| Task objective |
Reproduce, exactly and only, the lines of the data that follows from the one containing "저는 장미차와 라떼, 그리고" down to the one containing "2013/ 6/ 4 12:12", without pictures.

====== Data to process

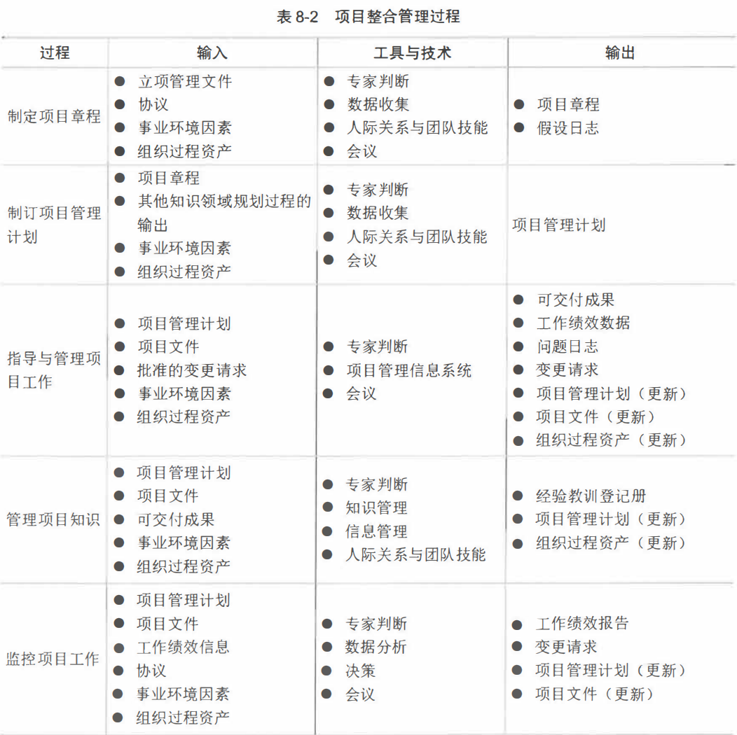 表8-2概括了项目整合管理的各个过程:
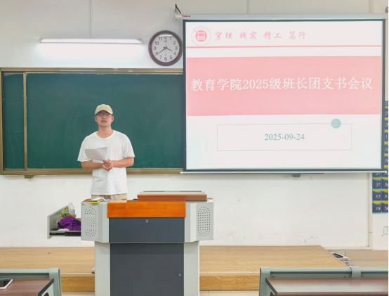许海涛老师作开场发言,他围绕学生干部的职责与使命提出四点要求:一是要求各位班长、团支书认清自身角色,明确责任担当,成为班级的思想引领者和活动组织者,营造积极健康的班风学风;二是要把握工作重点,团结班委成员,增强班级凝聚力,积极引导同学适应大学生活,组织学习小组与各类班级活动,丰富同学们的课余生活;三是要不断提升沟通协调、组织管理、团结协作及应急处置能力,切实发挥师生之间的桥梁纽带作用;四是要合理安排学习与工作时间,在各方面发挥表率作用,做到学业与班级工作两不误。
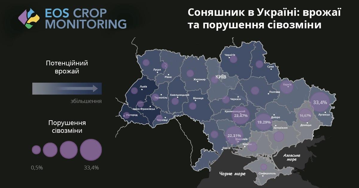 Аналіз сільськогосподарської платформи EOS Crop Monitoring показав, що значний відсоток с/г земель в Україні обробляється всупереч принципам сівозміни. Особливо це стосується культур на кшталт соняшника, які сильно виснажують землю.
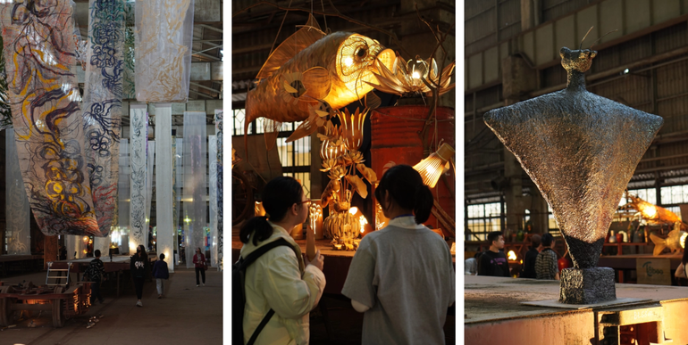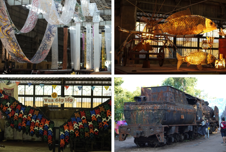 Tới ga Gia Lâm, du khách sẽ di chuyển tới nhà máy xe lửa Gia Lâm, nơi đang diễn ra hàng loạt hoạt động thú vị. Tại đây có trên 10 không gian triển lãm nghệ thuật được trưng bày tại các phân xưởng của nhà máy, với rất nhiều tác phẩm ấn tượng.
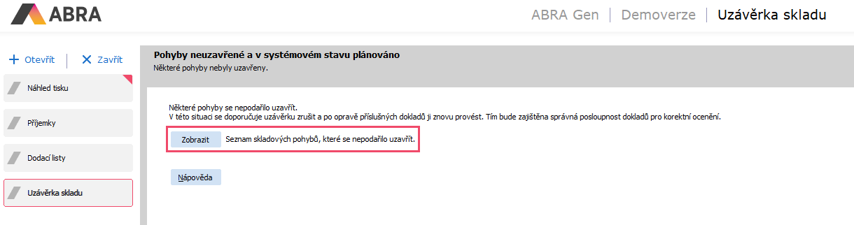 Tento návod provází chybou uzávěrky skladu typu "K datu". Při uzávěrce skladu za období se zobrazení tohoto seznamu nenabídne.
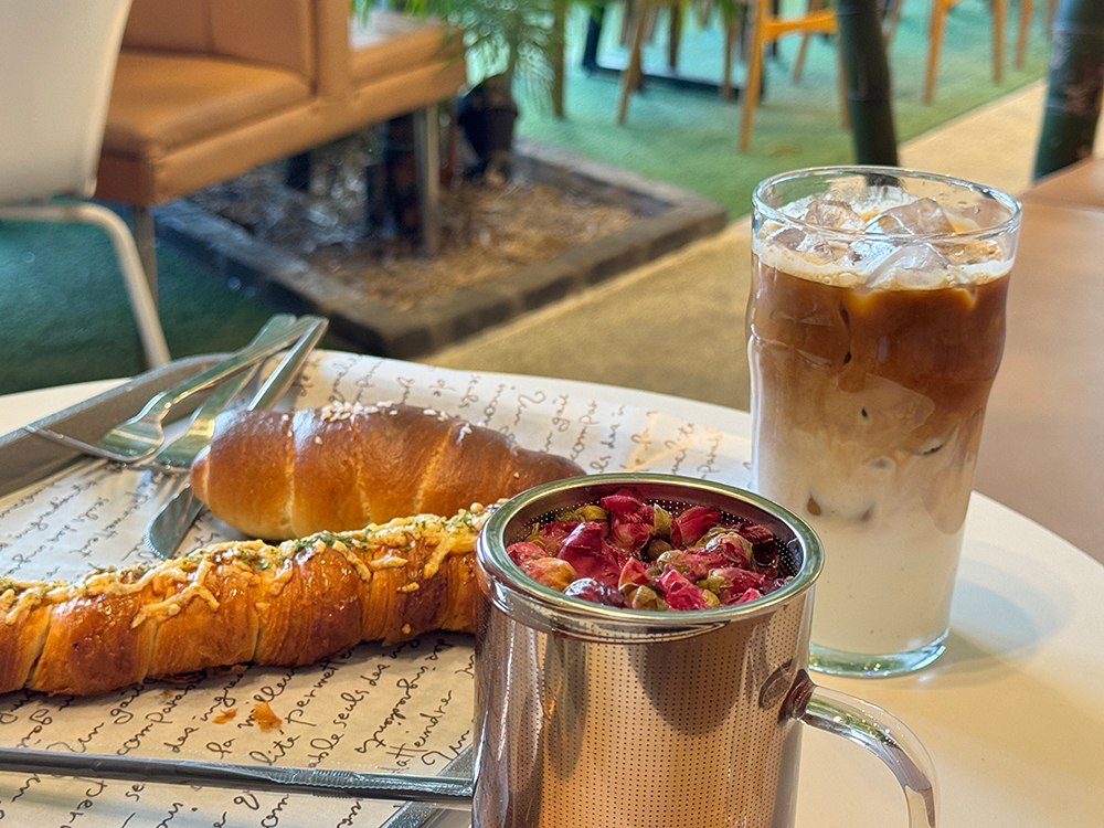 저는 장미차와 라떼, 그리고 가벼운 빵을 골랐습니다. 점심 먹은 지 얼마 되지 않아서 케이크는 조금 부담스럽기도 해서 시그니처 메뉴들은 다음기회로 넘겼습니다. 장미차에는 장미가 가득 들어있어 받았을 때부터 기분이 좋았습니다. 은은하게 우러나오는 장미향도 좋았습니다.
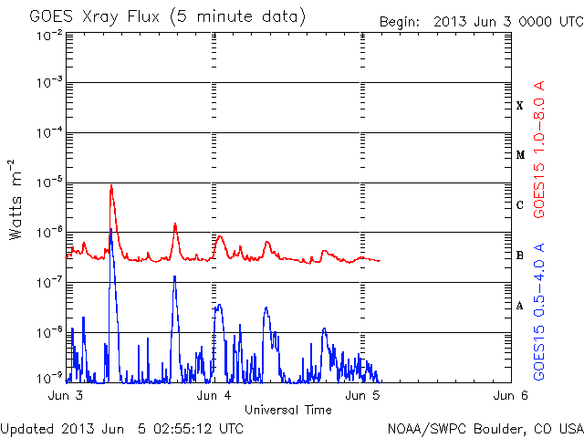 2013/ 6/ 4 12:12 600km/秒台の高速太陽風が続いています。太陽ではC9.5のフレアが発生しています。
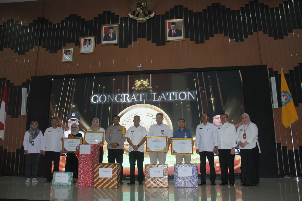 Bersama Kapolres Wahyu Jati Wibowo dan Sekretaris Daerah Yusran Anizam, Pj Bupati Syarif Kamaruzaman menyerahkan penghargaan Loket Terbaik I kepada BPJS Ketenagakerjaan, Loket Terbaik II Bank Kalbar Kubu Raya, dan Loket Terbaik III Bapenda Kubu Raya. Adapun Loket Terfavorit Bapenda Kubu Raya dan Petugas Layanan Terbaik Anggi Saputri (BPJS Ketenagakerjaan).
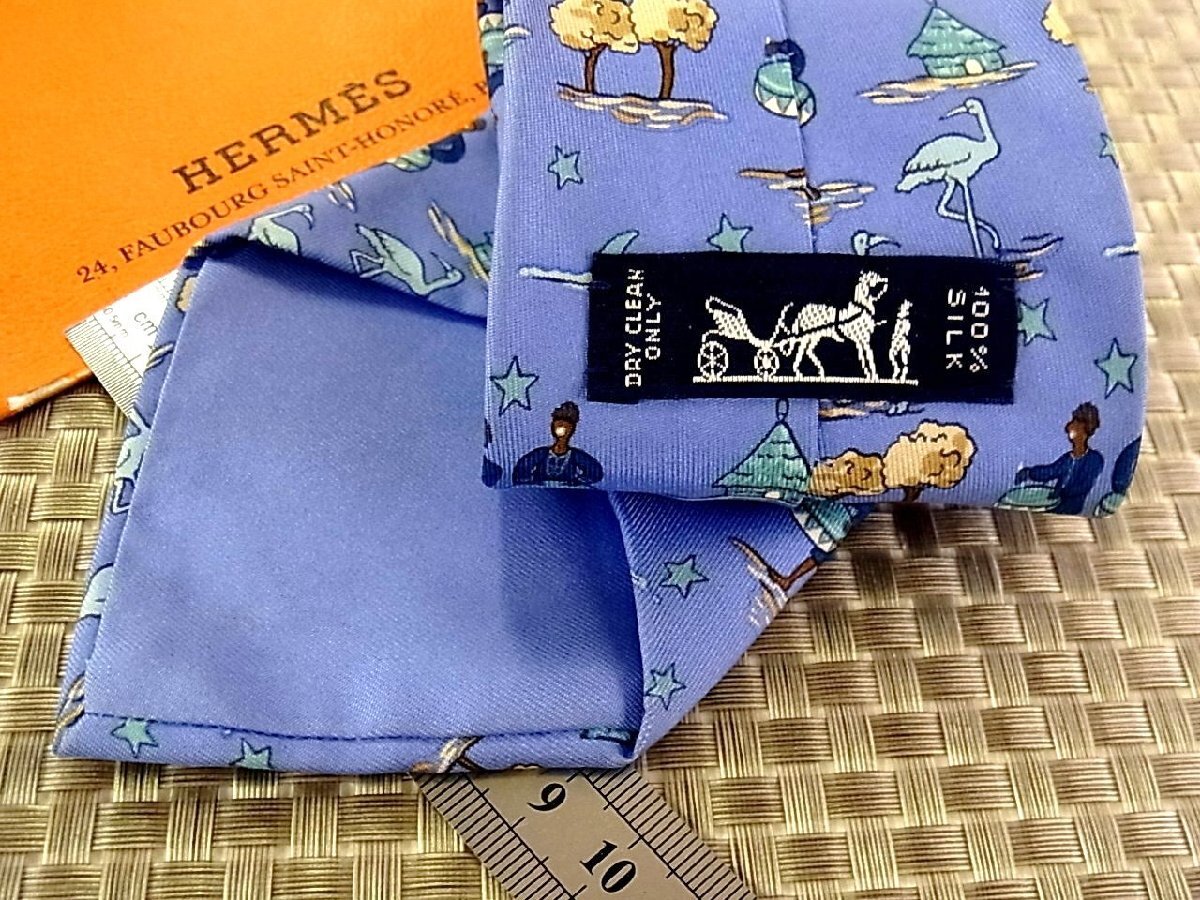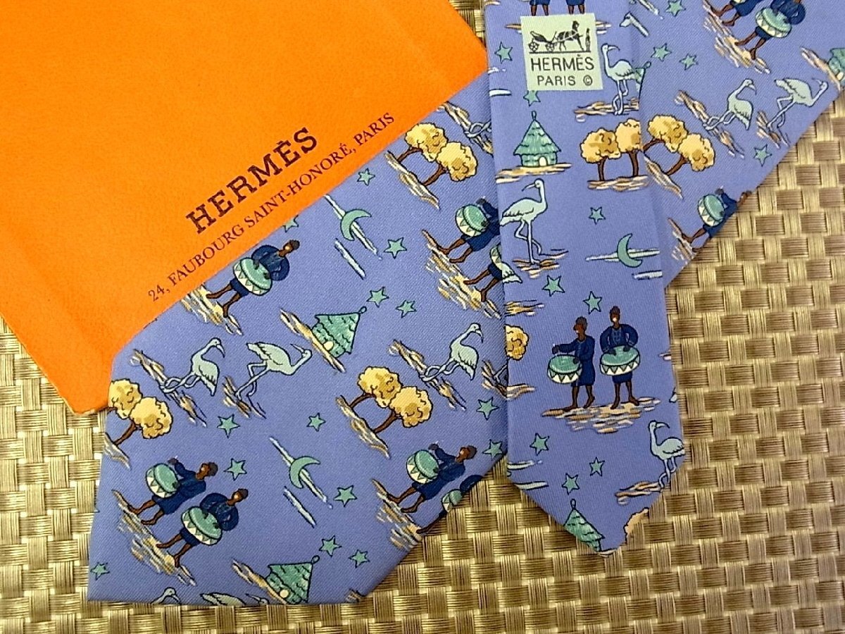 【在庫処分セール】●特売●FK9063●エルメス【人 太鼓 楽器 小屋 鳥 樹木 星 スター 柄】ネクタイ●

============
====== Data to process

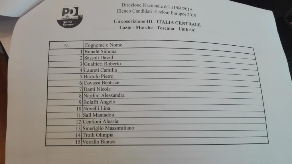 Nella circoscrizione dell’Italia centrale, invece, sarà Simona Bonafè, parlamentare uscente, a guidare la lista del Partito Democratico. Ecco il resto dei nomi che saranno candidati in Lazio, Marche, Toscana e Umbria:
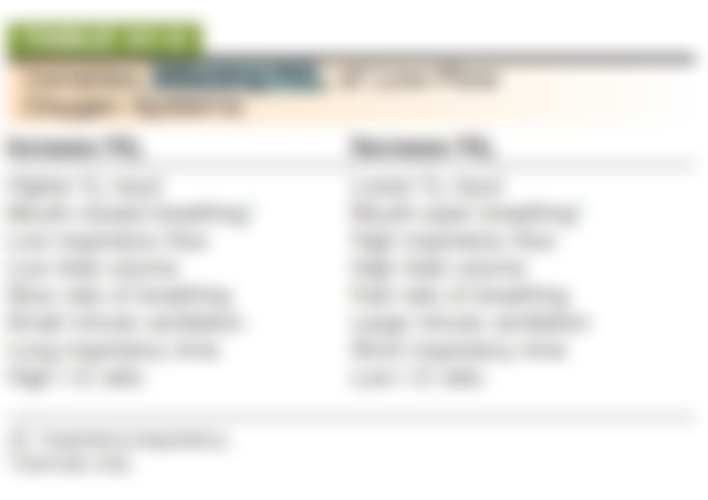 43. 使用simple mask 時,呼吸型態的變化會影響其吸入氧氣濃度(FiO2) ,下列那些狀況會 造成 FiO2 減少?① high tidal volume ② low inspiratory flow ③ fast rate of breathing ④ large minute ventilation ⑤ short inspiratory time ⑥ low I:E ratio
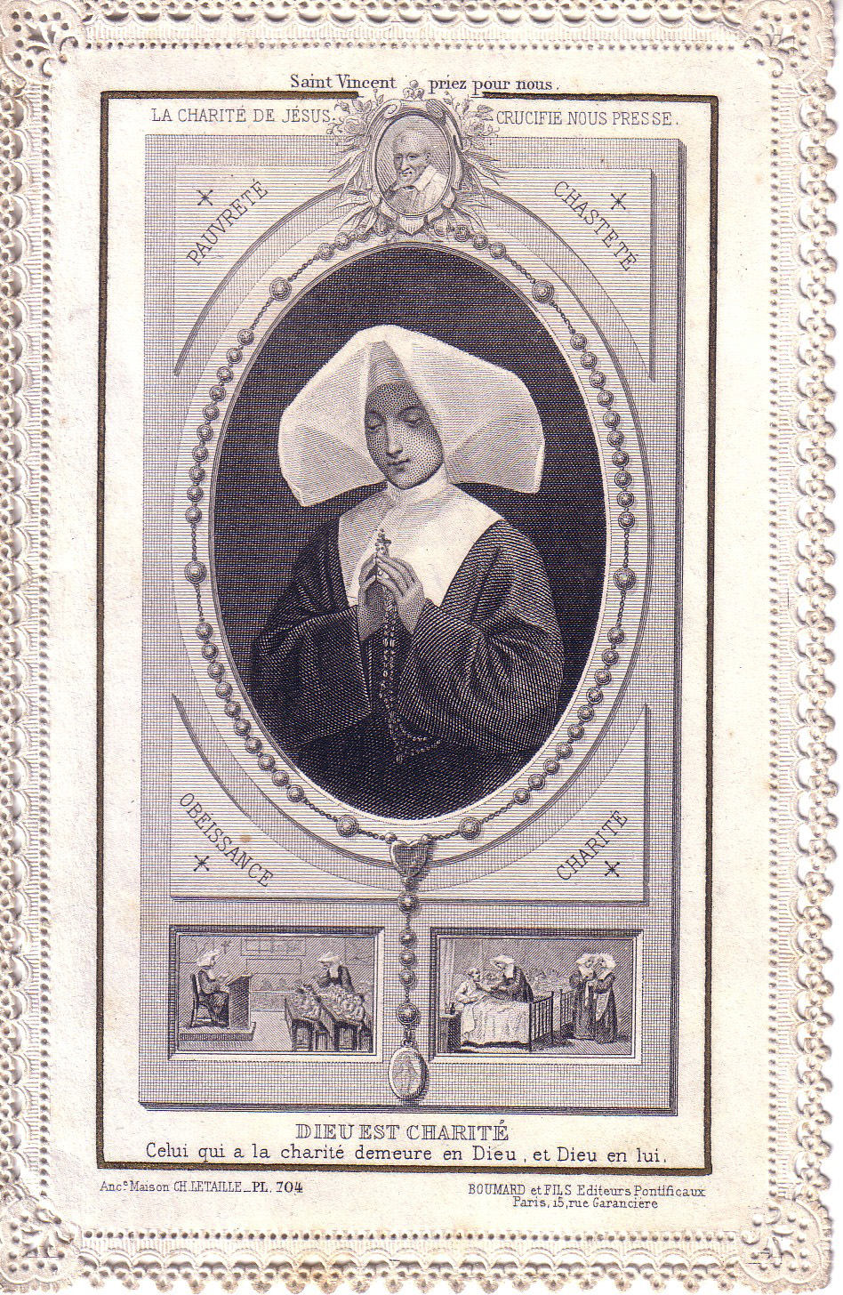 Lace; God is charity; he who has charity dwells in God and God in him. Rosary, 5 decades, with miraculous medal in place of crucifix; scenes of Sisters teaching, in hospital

============
====== Data to process

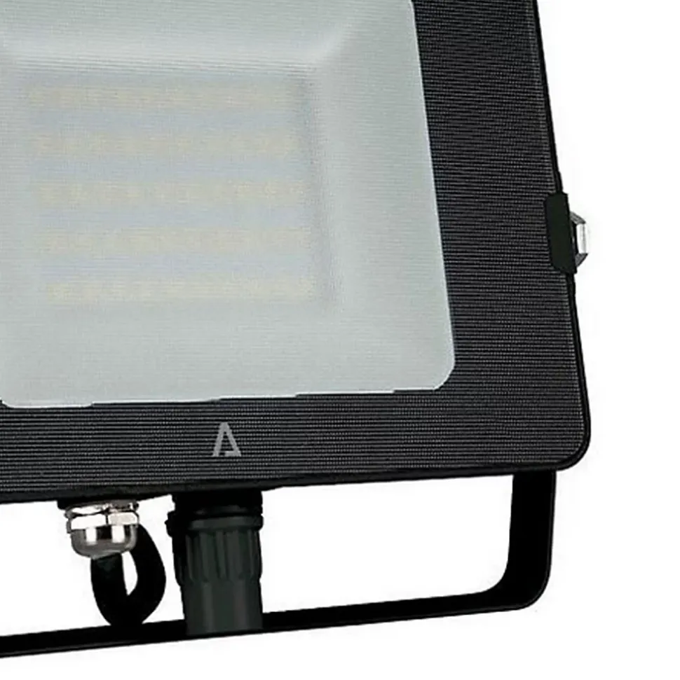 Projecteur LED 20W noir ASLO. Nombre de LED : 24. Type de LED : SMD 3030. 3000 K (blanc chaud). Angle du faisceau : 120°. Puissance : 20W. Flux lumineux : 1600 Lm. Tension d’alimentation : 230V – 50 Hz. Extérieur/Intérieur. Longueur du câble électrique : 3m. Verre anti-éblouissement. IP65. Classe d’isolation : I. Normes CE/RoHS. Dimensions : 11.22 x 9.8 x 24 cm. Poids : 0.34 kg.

============

| Task output |
 저는 장미차와 라떼, 그리고 가벼운 빵을 골랐습니다. 점심 먹은 지 얼마 되지 않아서 케이크는 조금 부담스럽기도 해서 시그니처 메뉴들은 다음기회로 넘겼습니다. 장미차에는 장미가 가득 들어있어 받았을 때부터 기분이 좋았습니다. 은은하게 우러나오는 장미향도 좋았습니다.
 2013/ 6/ 4 12:12 600km/秒台の高速太陽風が続いています。太陽ではC9.5のフレアが発生しています。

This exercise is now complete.